Following the flow and context of Paul's letter (i.e., not putting an anti-Torah "spin" on the text), a correct translation of de in this verse, would be "furthermore" or "moreover."

In verse 7, Paul further equates (faith in) Yeshua with following God's Torah (Romans 10:4), by quoting a passage from the Torah (Deuteronomy 30:11-14), that speaks of obeying the Torah in faith (i.e., you don't have to work it, as it is in your heart), and directly applying it to "believing in Yeshua."

Again, Paul shows that faith/trust via proper understanding of Torah (Romans 10:2-3), and faith/trust via proper understanding of Yeshua (Matthew 5:17-21), are the same thing. You cannot follow Torah "in faith" and deny Yeshua, and you cannot "have faith" in Yeshua while maintaining that you are not subject to the Torah of God (Romans 8:6-7, 1 John 2:3-5).

9  That if thou shalt confess with thy mouth the Lord Jesus, and shalt believe in thine heart that God hath raised him from the dead, thou shalt be saved.

Having linked faith in Yeshua to the commandment of following Torah (in verses 6-8), Paul now brings forth the idea of "verbal repentance."

The Talmud has some interesting commentary on confessing sin and atonement:

Talmud, Yoma 36b - Our Rabbis taught: And shall make atonement — Scripture speaks of atonement through words. You say it refers to atonement through words. But perhaps it refers to atonement [obtained] through [sacrificial] blood? I infer it thus: Here ‘atonement is mentioned and there ‘atonement’ is mentioned — Just as the atonement mentioned in connection with the he-goat is one through words, so the atonement mentioned with the bullock is one obtained through words. And if you wish to argue against it, then [learn from]: And Aaron shall present the bullock for the sin-offering, which is for himself and shall make atonement for himself and for his house, yet the bullock has not been slaughtered! What does ‘And if you wish to argue against it’ imply? — This: And if you would say: Let us infer from the he-goat prepared within the Temple, the atonement of which is obtained through blood, behold [against that argument] Scripture says: ‘And he shall make atonement’, and the bullock has not been slaughtered yet!
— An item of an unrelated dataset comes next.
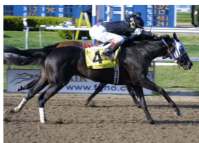
Repent Captures Louisiana Derby

He may have been in the Big Easy, but yesterday's GII Louisiana Derby was anything but an easy victory for Repent (Louis Quatorze). The colt, second in last year's Breeders' Cup Juvenile, ended his two-year-old campaign with a win in the Nov. 24 GII Kentucky Jockey Club at Churchill. He returned this year with a solid 2 1/4-length victory in the Feb. 17 GIII Risen Star S. at Fair Grounds. Yesterday, with new jockey Jerry Bailey up, Repent drifted out at the break and brushed with Publication (Petionville) before being straightened out. He settled into fifth behind slow early fractions of :24

Talmud, Megilah 20b - AND FOR THE CONFESSION MADE OVER THE OXEN, an analogy being drawn between the ‘atonement’ mentioned in this connection and that mentioned in connection with the Day of Atonement, as it has been taught in reference to the Day of Atonement: ‘And he shall make atonement for himself and for his house: the text speaks of atonement made by words. And atonement is by day, as it is written, For on this day shall atonement be made for you.

See background notes on the Jewish view of salvation, faith and freedom, regarding what Paul (the rabbi and Pharisee), means by "confessing and believing."

12-13  For there is no difference between the Jew and the Greek: for the same Lord over all is rich unto all that call upon him. For whosoever shall call upon the name of the Lord shall be saved.

Once again we see the theme of the Shema, which shows no distinction between Jew and gentile regarding opportunity for salvation. The term "whosoever," includes Jew and gentile, and once again points to the Shema. Here, Paul quotes from the Tenakh, Joel 2:32.

Verses 14-21

The balance of this chapter is concerned with God's restoration process that will demonstrate to the children of Israel that they had departed from His mercy. These verses are couched between Paul's desire for his people (Romans 10:1) and his having Israel's salvation as the ultimate goal of his ministry "to the gentiles" (11:1-14).

At the time Paul is writing Romans, much of Israel is still either wavering on the issue of Yeshua, or rejecting Him altogether. As we will see, Paul wishes to provoke His brethren to jealousy, so they would reconsider and obey the good news they had heard.

Paul fires off a series of questions to make his point:

14-16  How then shall they call on him in whom they have not believed? and how shall they believe in him of whom they have not heard? and how shall they hear without a preacher? And how shall they preach, except they be sent? as it is written, How beautiful are the feet of them that preach the gospel of peace, and bring glad tidings of good things! But they have not all obeyed the gospel. For Esaias saith, Lord, who hath believed our report?

The subject in these verses remains Israel (as it has been since the end of chapter 9). Paul's mission to his brethren in the main focus of chapters 9-11. What is also important to note, is that Paul will leverage his arguments in the ensuing chapters (12-15), to show gentiles that they have a responsibility to Israel as part of their faith.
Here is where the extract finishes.